A denial may be appealed to an administrative law judge, but the process is lengthy and requires legal assistance.
The Center for Public Integrity’s State Integrity Report (on which Maryland received a D- and ranked 40th in the nation) had this to say about Maryland’s Public Information Act
While Maryland’s Public Information Act theoretically grants broad access to public records, critics say vague exemption language allows government agencies to deny information requests for almost any reason. With no overall oversight mechanism, each state agency handles its own public information requests, with its own response and billing practices. If a request is denied, the only redress is appealing to the same denying agency official or initiating a costly court challenge. In practice, this means that many public information compliance issues go unresolved.
Andrew Schotz, a reporter for the Hagerstown Herald Mail, described the PIA and the state’s Open Meetings Act as “weak and weasel worded.”

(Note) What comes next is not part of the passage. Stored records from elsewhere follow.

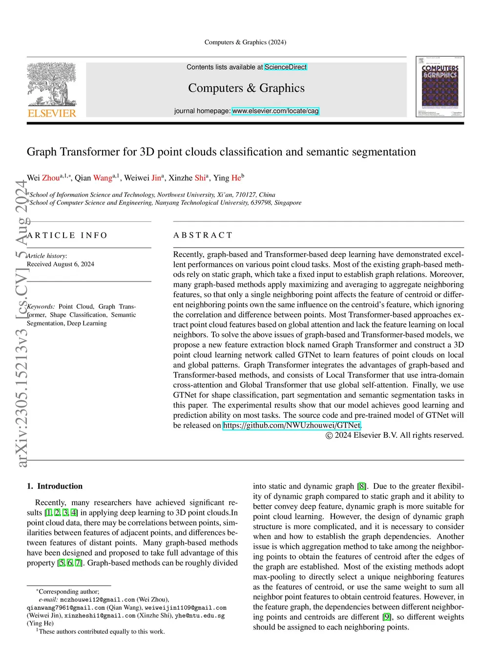 GTNet: Graph Transformer Network for 3D Point Cloud Classification and
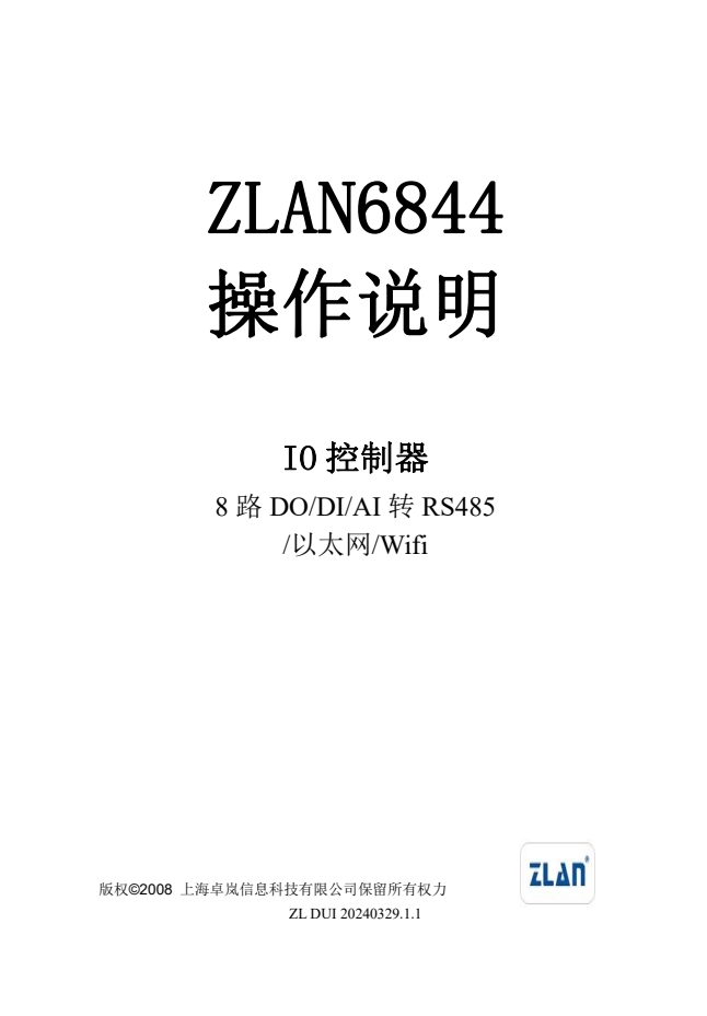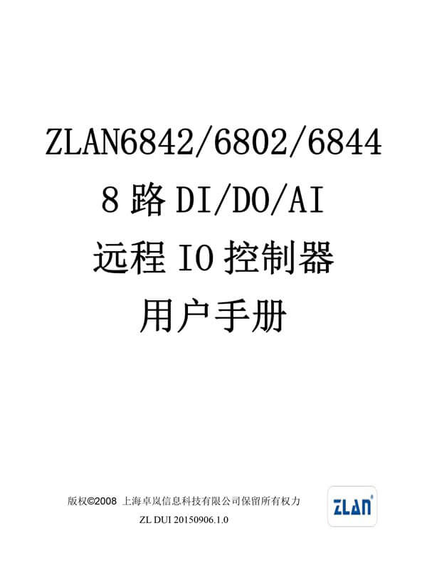 ZLAN6842、ZLAN6802、ZLAN6844是繼ZLAN6042之后上海卓嵐信息科技有限公司推出的8路遠程IO控制器。其控制的路數(shù)從6042 的4路擴展到8路,含有8路DI、8路DO,8路AI輸入。其中DI支持干節(jié)點和濕節(jié)點,帶光耦隔離;DO為繼電器輸出,具有5A 250VAC或5A 30VDC的控制能力;AI輸入中的前4路支持0~5V電壓量輸入,后4路支持4~20mA電流量輸入,精度10位。ZLAN6842、ZLAN6802、ZLAN6844分別支持以太網、RS485、Wifi這3種形式的通信方式。
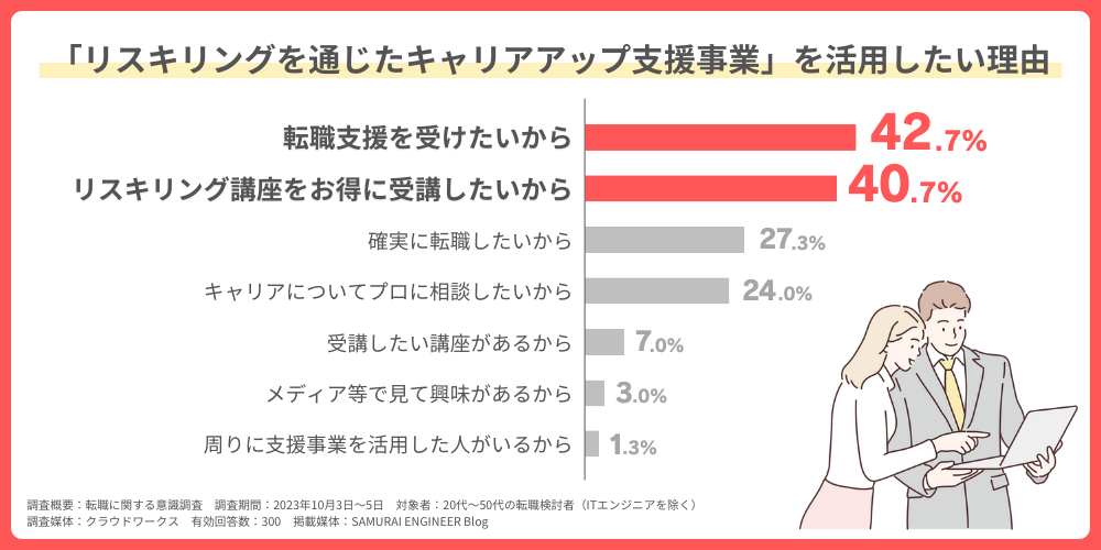 認知度の低さに反し、本支援事業を活用したいと考える人が多かった理由の一つは「転職支援を受けたいから」でした。また「リスキリング講座をお得に受講したいから」との回答も次いで多数となりました。

Baltimore Sun and Frederick News Post columnist Marta Mossburg told me that on multiple occasions the Department of Housing and Community Development refused to give her information on delinquent loans from its community loan program. “This is taxpayer dollars being loaned to individuals and for some reason that information is considered off limits.” Mossburg said.
Last year, Mossburg broke a story about the troubled financial history Carl Williams, a politically connected developer, selected by Governor Martin O’Malley’s administration to build DCHD’s new headquarters in Prince George’s County. DCHD refused to release public records about Williams to her.
Some agencies use exorbitant fees to avoid complying with the sprit of the PIA.
In 2007, The Maryland Department of Environment denied a records request by investigative reporter Paul Chesser, who sought documents related to Maryland’s climate change commission.
MDE told Chesser that emails related to his request were withheld because constituted “inter-agency & intra-agency documents containing deliberative materials… and their disclosure would be contrary to the public interest.”
Chesser was seeking the details of MDE’s contract with The Center for Climate Strategies to operate the Maryland Commission on Climate Change. Governor O’Malley created the commission through an executive order.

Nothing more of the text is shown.